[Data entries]
● ● ● ● ● ● ●

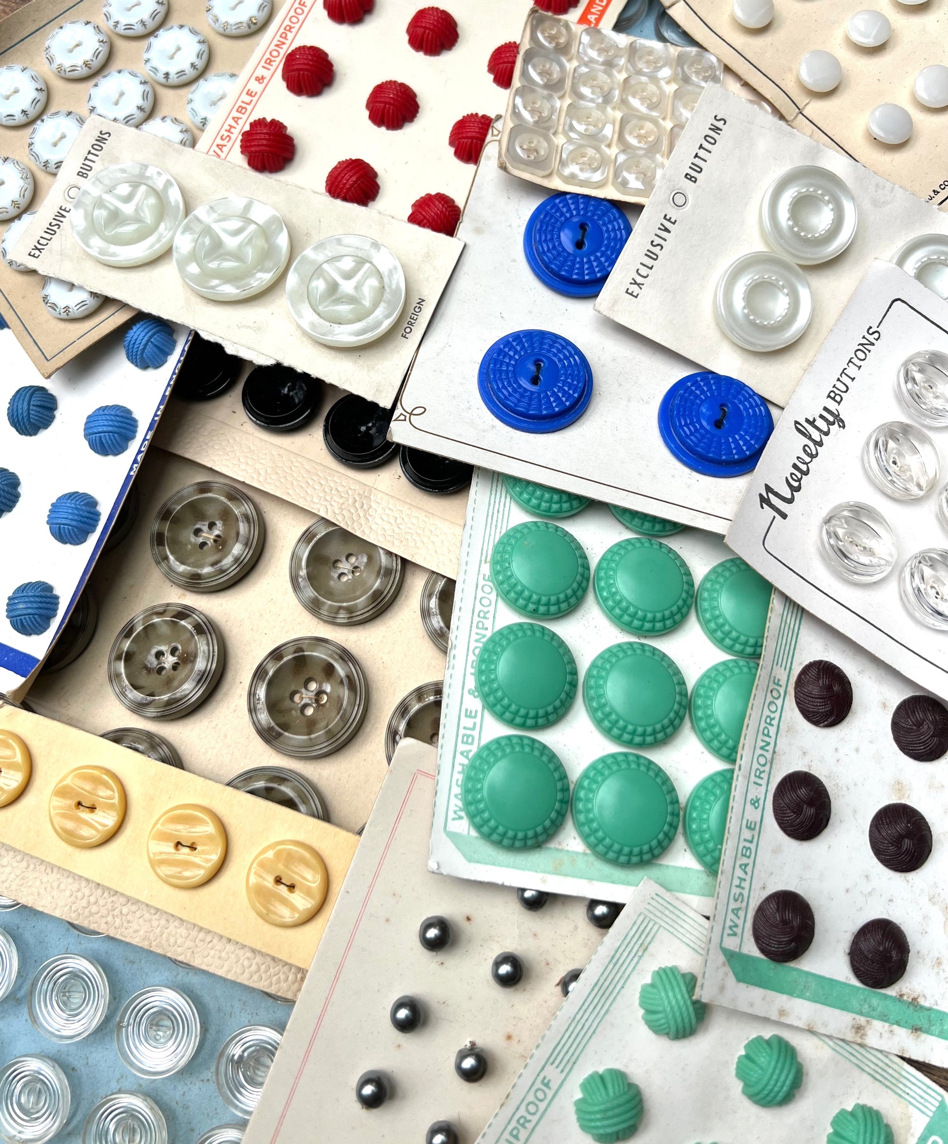 18 Sheets of Multicoloured Glass and Lucite Vintage Buttons
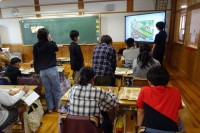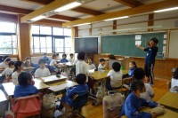 通学路の一部を変更する地区があります。みんなで、変更箇所を確認です。先生の話をし...
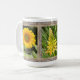 Comience bien el día con un tazón de café que contiene un mensaje inspirador y fotos de girasoles alegres y un póquer rojo caliente rodeado por un borde hecho con los patrones únicos que se encuentran en la corteza de los árboles.
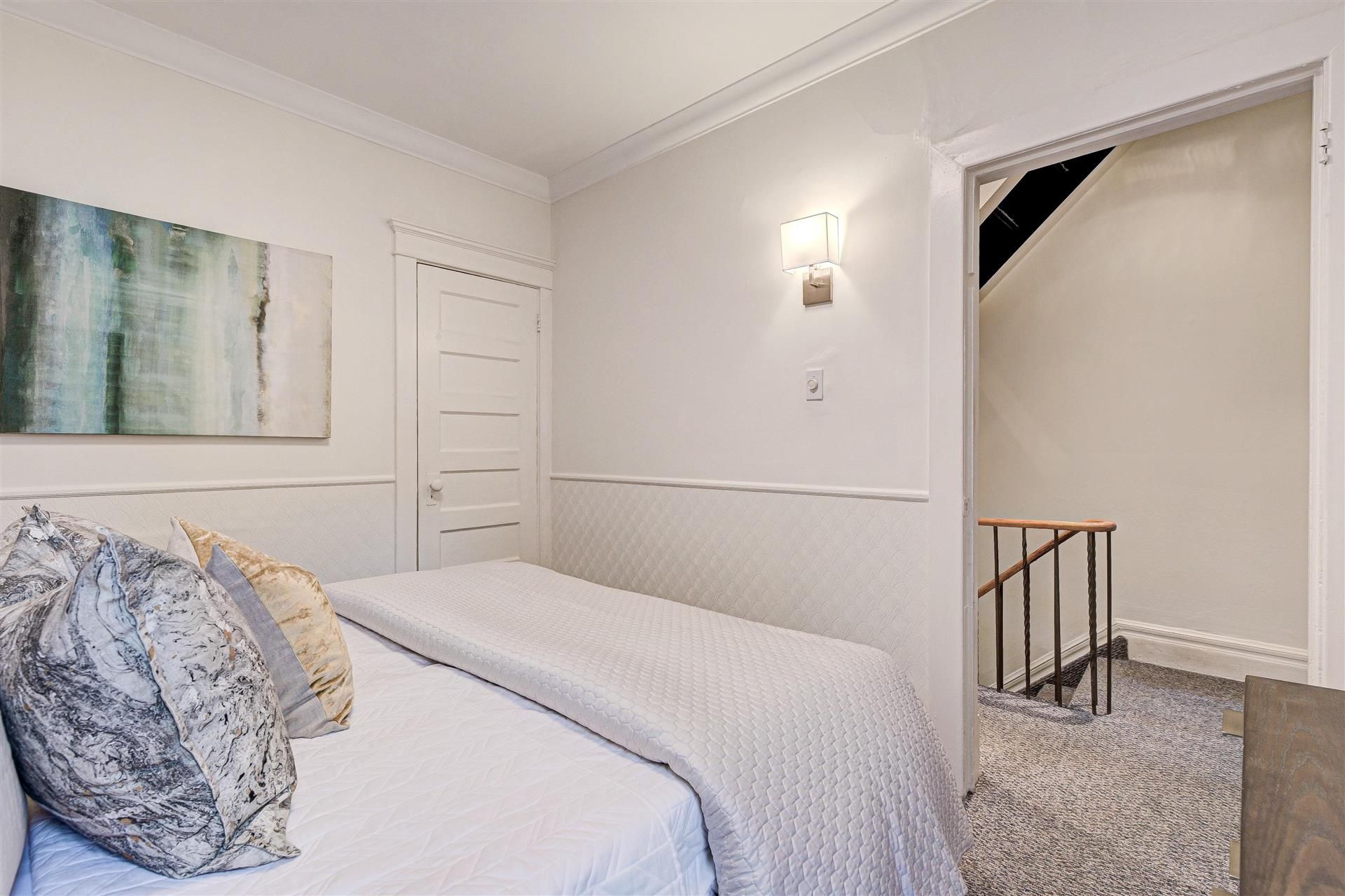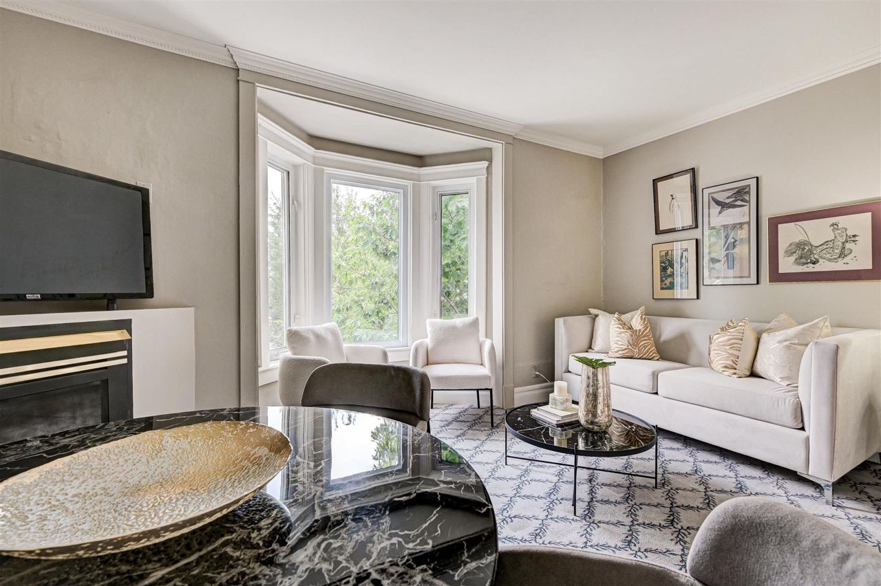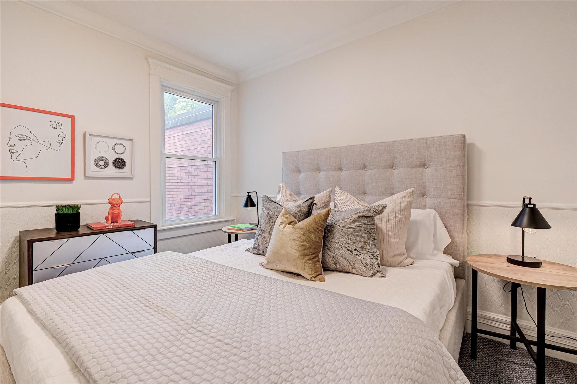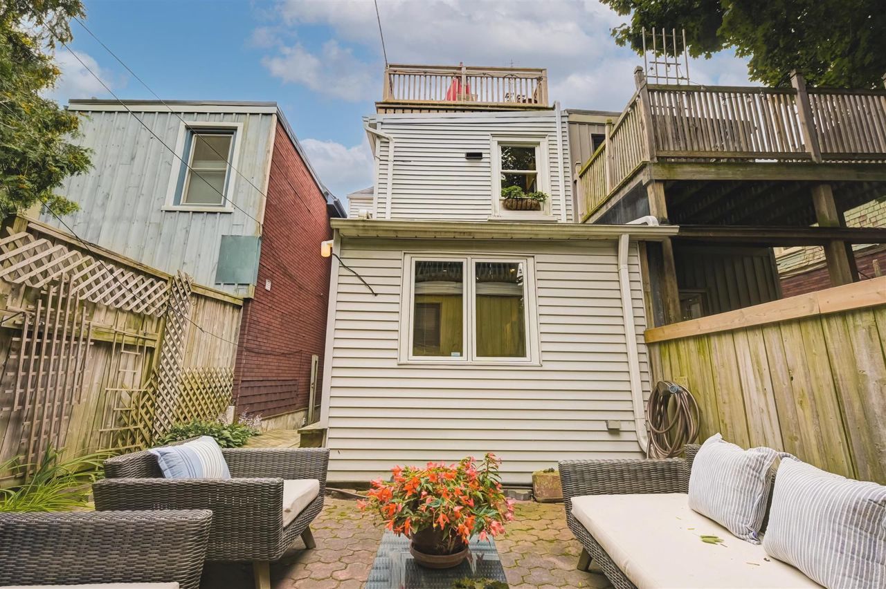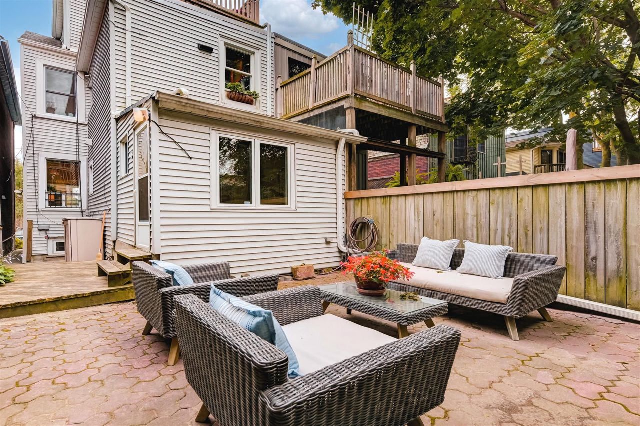 Heavenly on Hunter! Sun-drenched 2.5-storey home in the coveted neighbourhood of The Pocket! Flexible floor plan with generously proportioned rooms. Currently set up as a two-family home that can easily be converted to single family, with a mature low maintenance garden. Live in your dream neighbourhood with incredible supplemental income potential. Lower level features a walk-out -3rd unit potential for further income. The Pocket gives you the best of both worlds: A quiet tree-lined street in a vibrant family-friendly community with beautiful greenspaces, walking distance to the Danforth, Donlands subway station, parks, schools, cafes, restaurants and shops.2 Stoves, 2 Fridges - Main floor fridge and stove as is, Dishwasher, Washer, Dryer, Microwave, All window covers, All electric light fixtures.3rd floor deck furniture, Shed, Wind Sculpture, Safe, Window planters.
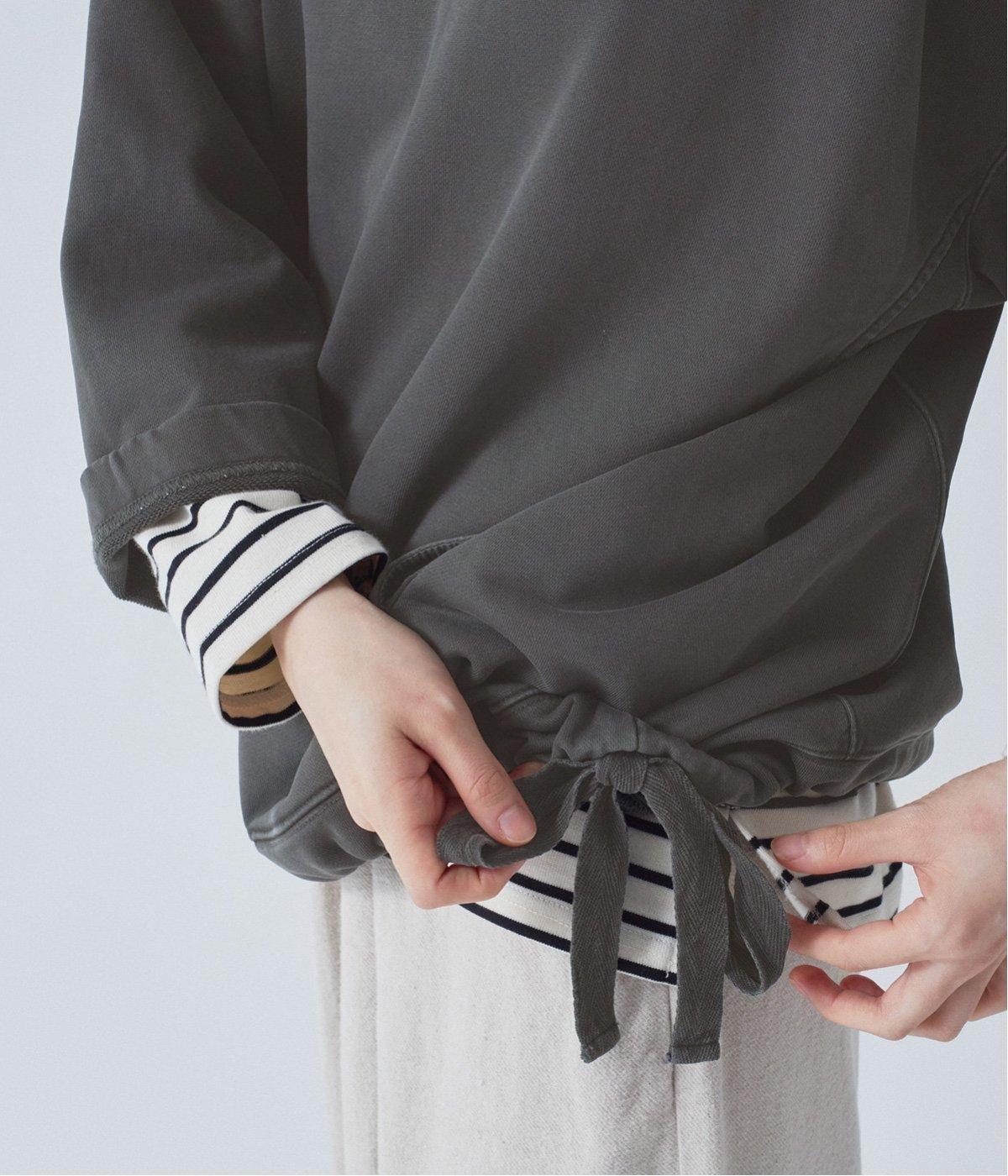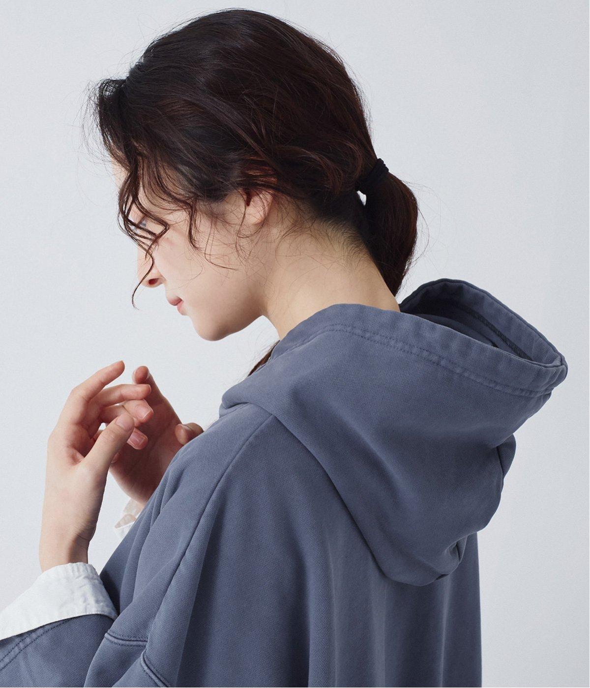 ゆったりとしたサイズ感がこなれ感を漂わせるフーディ。袖丈はあえて短めに設定してすっきりとさせ、全体を好バランスに仕上げています。左裾の紐をきゅっと絞って、シルエットや着丈をアレンジできるのもうれしいポイントです。

● ● ● ● ● ● ●

The lines to return run from the line containing "Comience bien el" through the last line of the records. Give them exactly, omitting pictures.

● Exercise answer:
 Comience bien el día con un tazón de café que contiene un mensaje inspirador y fotos de girasoles alegres y un póquer rojo caliente rodeado por un borde hecho con los patrones únicos que se encuentran en la corteza de los árboles.
 Heavenly on Hunter! Sun-drenched 2.5-storey home in the coveted neighbourhood of The Pocket! Flexible floor plan with generously proportioned rooms. Currently set up as a two-family home that can easily be converted to single family, with a mature low maintenance garden. Live in your dream neighbourhood with incredible supplemental income potential. Lower level features a walk-out -3rd unit potential for further income. The Pocket gives you the best of both worlds: A quiet tree-lined street in a vibrant family-friendly community with beautiful greenspaces, walking distance to the Danforth, Donlands subway station, parks, schools, cafes, restaurants and shops.2 Stoves, 2 Fridges - Main floor fridge and stove as is, Dishwasher, Washer, Dryer, Microwave, All window covers, All electric light fixtures.3rd floor deck furniture, Shed, Wind Sculpture, Safe, Window planters.
 ゆったりとしたサイズ感がこなれ感を漂わせるフーディ。袖丈はあえて短めに設定してすっきりとさせ、全体を好バランスに仕上げています。左裾の紐をきゅっと絞って、シルエットや着丈をアレンジできるのもうれしいポイントです。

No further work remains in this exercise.